DATA PROVIDED:
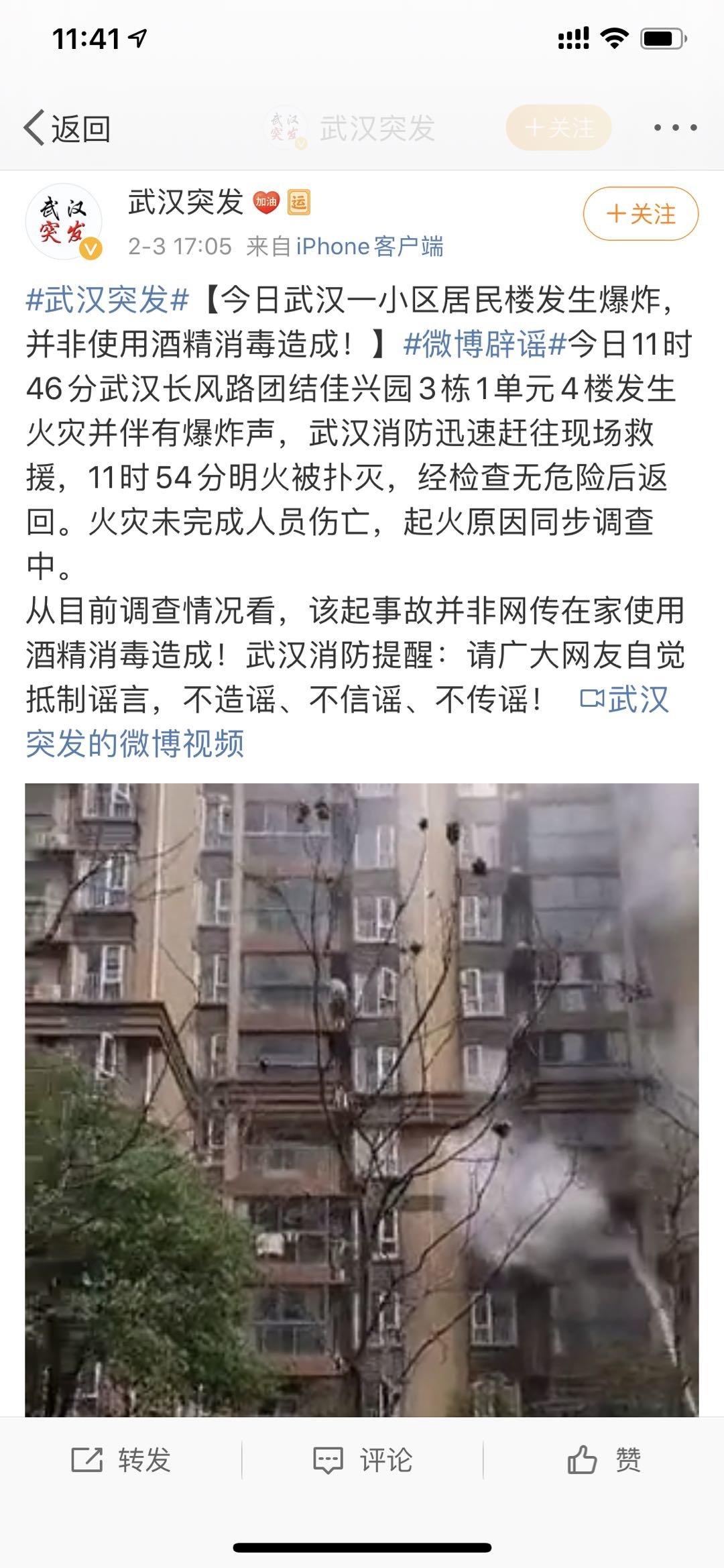 周科长告诉记者,网上发布的视频是2月3日,武汉一小区居民楼发生的火灾。武汉相关部门2月3日下午5时为此发布消息称:从初步调查情况看,该起事故并非网传在家使用酒精消毒造成!武汉消防提醒:请广大网友自觉抵制谣言,不造谣、不信谣、不传谣!
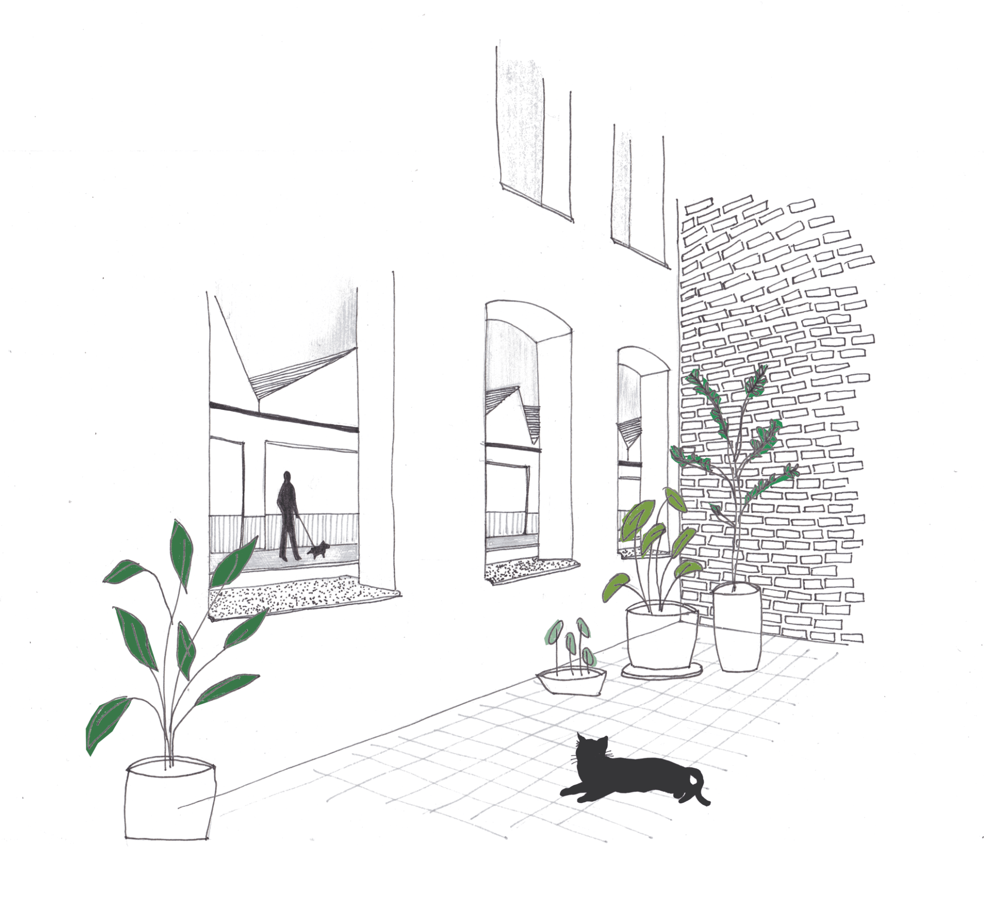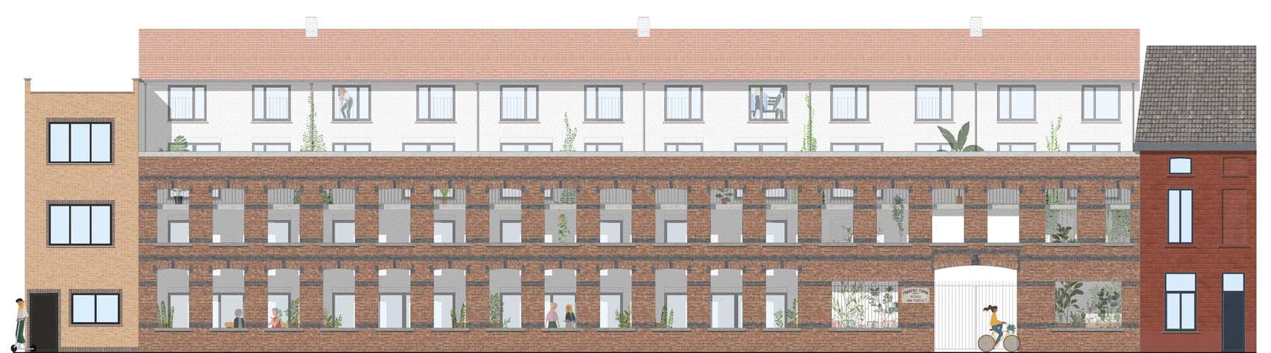 We passen de straatgevel zo weinig mogelijk aan. De raam-nissen worden opengemaakt maar hun afmetingen blijven behouden. Er worden géén extra deuropeningen of adressen gemaakt. De poort met het naambord van “Fonderie Cupro” blijft herkenbaar als het enige, collectieve adres voor alle woningen.
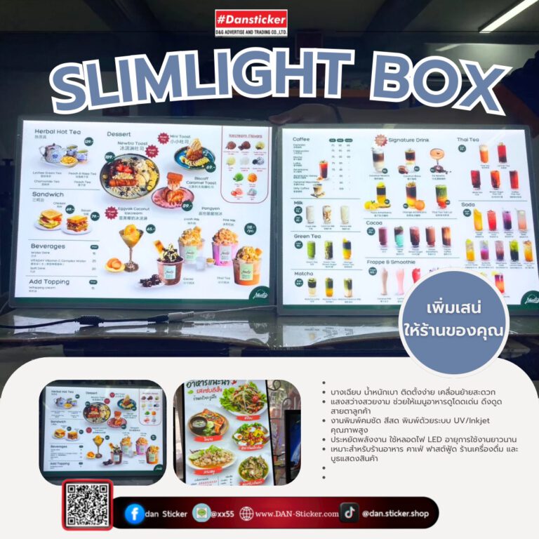 รับผลิต ออกแบบ พิมพ์ ป้ายไฟ Slim Light Box (สลิมไลท์บ็อกซ์)ป้ายไฟทุกรูปแบบ
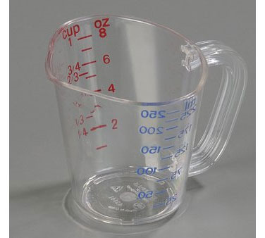 Measuring Cup, 8 oz. (1 cup) capacity, oval, pour spout, nestable, US/Metric measurements, C-handle, dishwasher safe, polycarbonate, clear, NSF
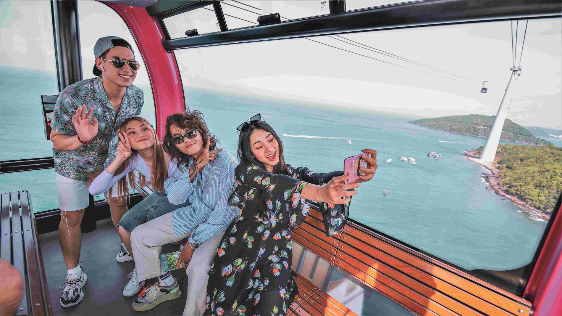 Phải một lần ngồi trong cabin của cáp treo Hòn Thơm để ngắm cảnh, du khách mới thực sự hiểu tại sao truyền thông quốc tế lại dùng từ “siêu thực” để miêu tả hành trình này. Chuyến du ngoạn mở ra một thước phim điện ảnh sống động: bắt đầu từ nhịp sống sôi động của làng chài với những con thuyền đủ sắc màu , cho đến sự hùng vĩ của toàn cảnh quần đảo An Thới xanh ngát với tầng tầng lớp lớp các màu xanh từ biển và đảo, đến cuối cùng là một tổ hợp vui chơi giải trí hiện đại bậc nhất châu Á hiện ra trước mắt: Sun World Hon Thom.
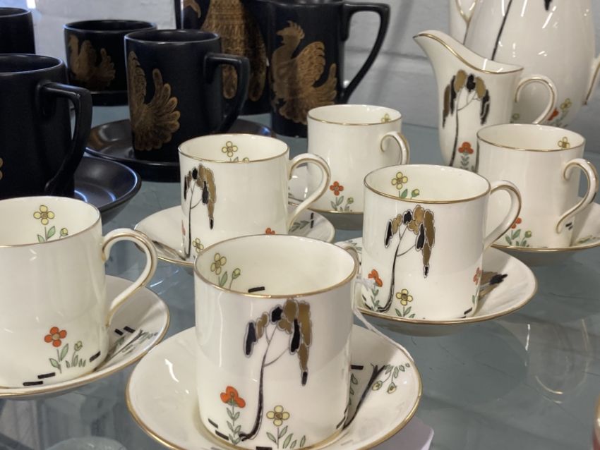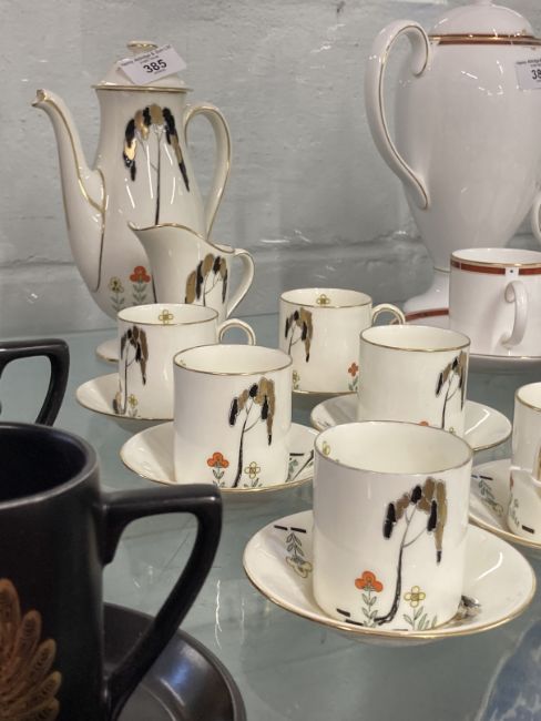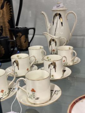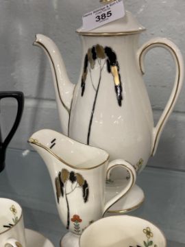 Art Deco Ceramics: Royal Doulton 'Eden' (Tall Trees) cream gilt and coloured coffee set, pattern number V112/22, comprising coffee cans and saucers x 6, cream jug and coffee pot (lid A/F).

ASSIGNMENT: Above are some records. Reproduce the lines from the one with "We passen de" down to the one with "Measuring Cup, 8", keeping both, and leave every picture out.

RESULT FOR THIS EXERCISE:
 We passen de straatgevel zo weinig mogelijk aan. De raam-nissen worden opengemaakt maar hun afmetingen blijven behouden. Er worden géén extra deuropeningen of adressen gemaakt. De poort met het naambord van “Fonderie Cupro” blijft herkenbaar als het enige, collectieve adres voor alle woningen.
 รับผลิต ออกแบบ พิมพ์ ป้ายไฟ Slim Light Box (สลิมไลท์บ็อกซ์)ป้ายไฟทุกรูปแบบ
 Measuring Cup, 8 oz. (1 cup) capacity, oval, pour spout, nestable, US/Metric measurements, C-handle, dishwasher safe, polycarbonate, clear, NSF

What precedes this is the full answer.